«Juntos somos fuertes»? ¡Pues no!
En realidad, cuantas más personas hay en un grupo, menor es la contribución de cada participante individual. Esto no es una opinión, sino un hecho científico llamado «Efecto Ringelmann».
Ya en la década de 1920, el profesor francés Maximilien Ringelmann midió la eficiencia de las personas en equipo.
¿En qué consiste?
Ringelmann pidió a las personas que realizaran una tarea física simple: tirar de una cuerda. Primero individualmente, y luego en grupos de diferentes tamaños. A cada aparato le colocó un dinamómetro para medir con precisión la fuerza aplicada.
Resultados
Cuando una persona tiraba de la cuerda, se esforzaba al 100%. Lógicamente, se esperaría que dos personas mostraran el 200% y ocho el 800%.
Pero la realidad fue diferente:
1 persona = 100% del esfuerzo
2 personas = 93% de la suma esperada
3 personas = 85%
8 personas = ¡solo el 49%!
¿Cómo funcionaba esto?
Ringelmann identificó dos factores clave:
— Pereza social: En la multitud nace la confianza de que se puede «holgazanear»: tu contribución no será notada de todos modos. Funciona el principio de «liebre en la multitud».

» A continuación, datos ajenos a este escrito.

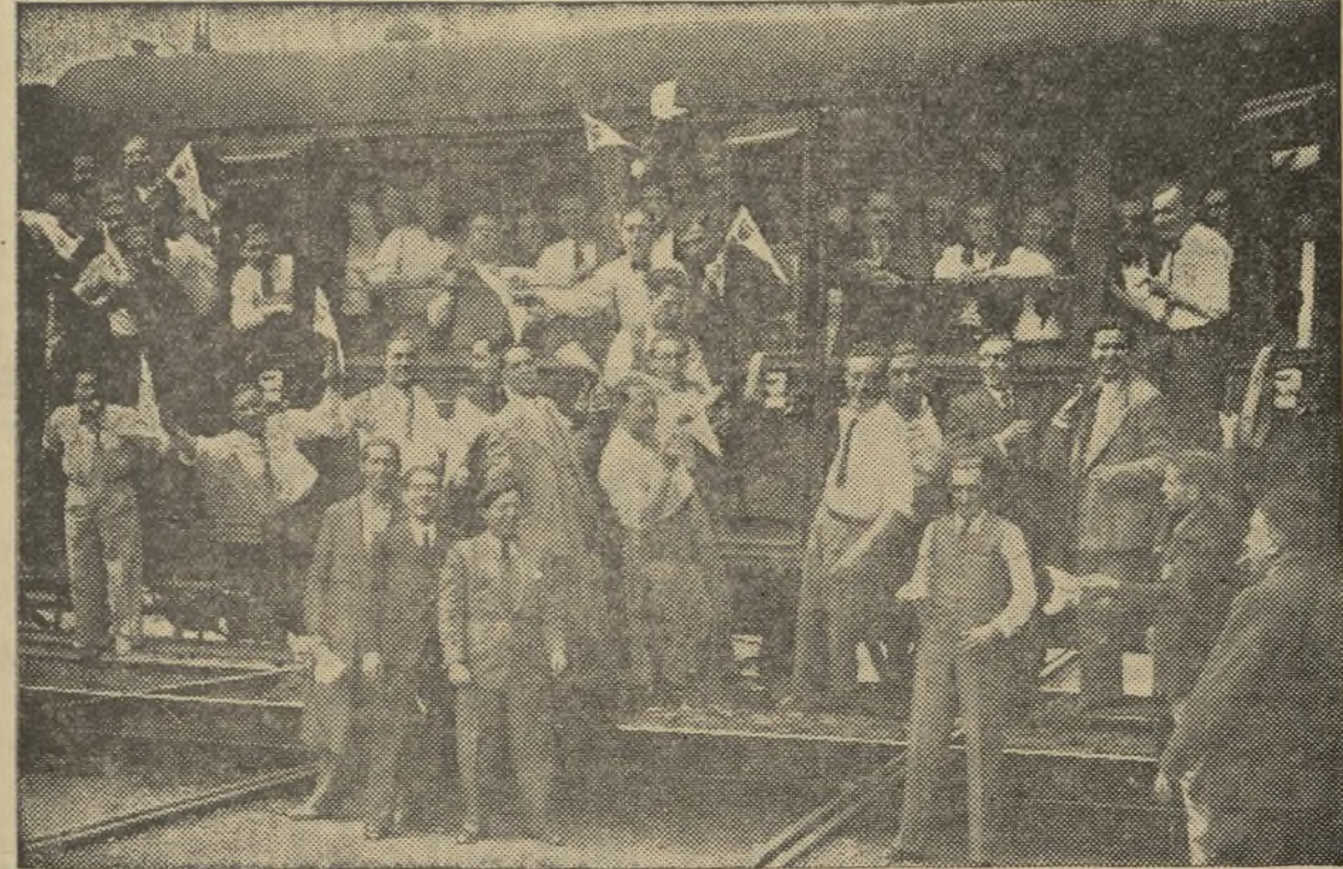
EL PRIMER TREN ESPECIAL SALIÓ A LAS 11'15 DE LA MAÑANA, LLEVANDO CERCA DE 1.500 AFICIONADOS ENTUSIASTAS. LA FOTO ES UN DOCUMENTO ACREDITATIVO DE COMO IBAN LOS COCHES

Como detalle que indica la modestia de sus jugadores y que po-

— Pérdida de coordinación: En un grupo grande, las personas comienzan a tirar en momentos ligeramente diferentes y en direcciones distintas. Surge el caos y la eficiencia del equipo disminuye.
Conclusión
El aumento de productividad al incrementar el grupo es inversamente proporcional a su tamaño.
En pocas palabras, es más rápido hacer el trabajo con 2-3 personas polivalentes que reunir un equipo completo. La fuerza total de un equipo grande resultará ser una ilusión.